I was trained as a historic sites archaeologist and that's part of why I was hired.  The CTUIR is as interested in its "history" as it is in its "prehistory" (although it's all pretty much the same thing for tribal members).

We have a difficult time getting agencies and the public to understand that.  People agree tribal people were here in the past.  If we're lucky, they'll agree that tribal members are here today.  But everyone behaves as if there simply were no tribal people in between, in what we generally think of as the "historic era."

Agencies agree to consult with tribes about Native American sites (which 99% of the time means pre-contact sites).  We request to be consulted regarding all sites, as we believe we are the only ones who can decide whether it is a Native American site.  Tribal members worked on railroads.  Tribal members made homestead claims.  Tribal members did lots of things during the "historic era" that members of the dominant culture did.  In addition, tribal culture was dramatically impacted by what everyone in the historic area was doing in the tribes' traditional territories.

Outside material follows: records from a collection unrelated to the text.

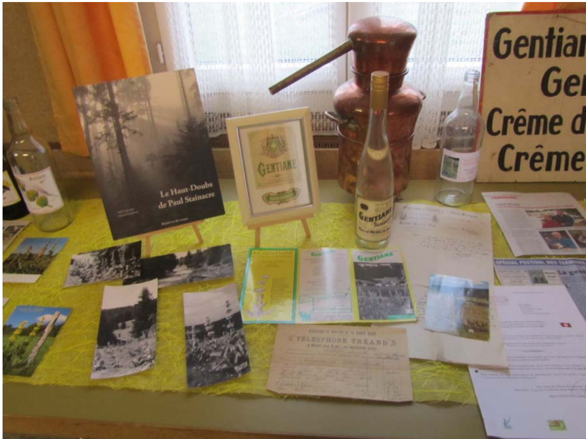
Et l'on poursuit cette simple mais magnifique exposition.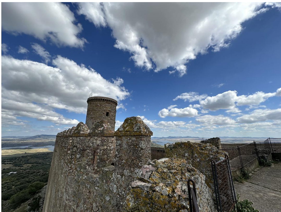
El castillo presenta una planta irregular, claramente adaptada a la topografía del terreno.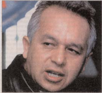
Líderes que representan más de 100 mil obreros en seis países con 15 plantas de Volkswagen, luego de un tercer encuentro anual, acordaron "desarrollar una estrategia común" para hacer frente a las empresas.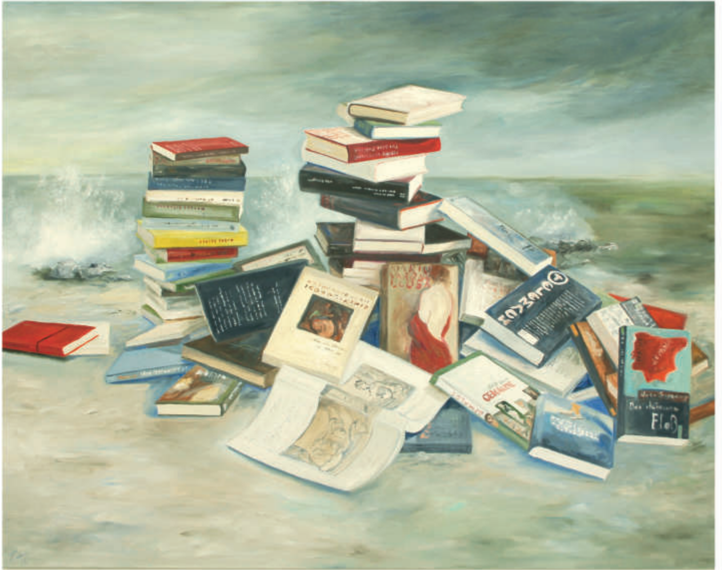
ex libris 17/2018/Öl auf Leinwand 120x150 cm

The fundamental assumption of the lack of tribal presence in "historic sites" is part of the ongoing effort to make tribal people invisible.

Catherine Dickson



________________________________

From: HISTORICAL ARCHAEOLOGY <[log in to unmask]> on behalf of David Raymond Carlson <[log in to unmask]>

Sent: Thursday, March 22, 2018 2:46 PM

To: [log in to unmask]

Subject: Re: Protohistory on the Utah site form



Hi John,



I just wanted to drop in and comment on a few things you said. I agree with

you that there is an important methodological/epistemological difference

between conducting archaeology with written documentation and conducting it

without, and I can see, from a managerial standpoint, how classifying sites

in some basic way according to what kinds of procedures you will need to do

to investigate them can be helpful. I do not think, though, that the issue

here is one of ignoring the influence of European and Euro-American

contact. But I think there are a few important points to consider:



1. Chronological divisions need to serve our research interests, which go

beyond epistemological concerns. Case in point, part of the research goal

of many people interested in challenging the prehistoric/historic divide is

that they want to de-emphasize the significance of what you termed as the

"substantive ontological difference[s] between the pre-colonial and

colonial eras in North America." For those operating in the

persistence/resilience research program (or paradigm, if you will), the

goal is to investigate persistence across and during colonialism, as means

of challenging current archaeological historiographies (which emphasize

colonialism as a drastic change) and at the behest of descendant

communities who are more interested in their own agency then in seeing

themselves purely as creatures affected by European colonialism. The issue

is not so much that change did not happen, but of focusing on more than

just that change. While the methodological issues of written vs material

records are still present, the ontological concerns are not, and are in

fact precisely what these archaeologists are seeking to challenge.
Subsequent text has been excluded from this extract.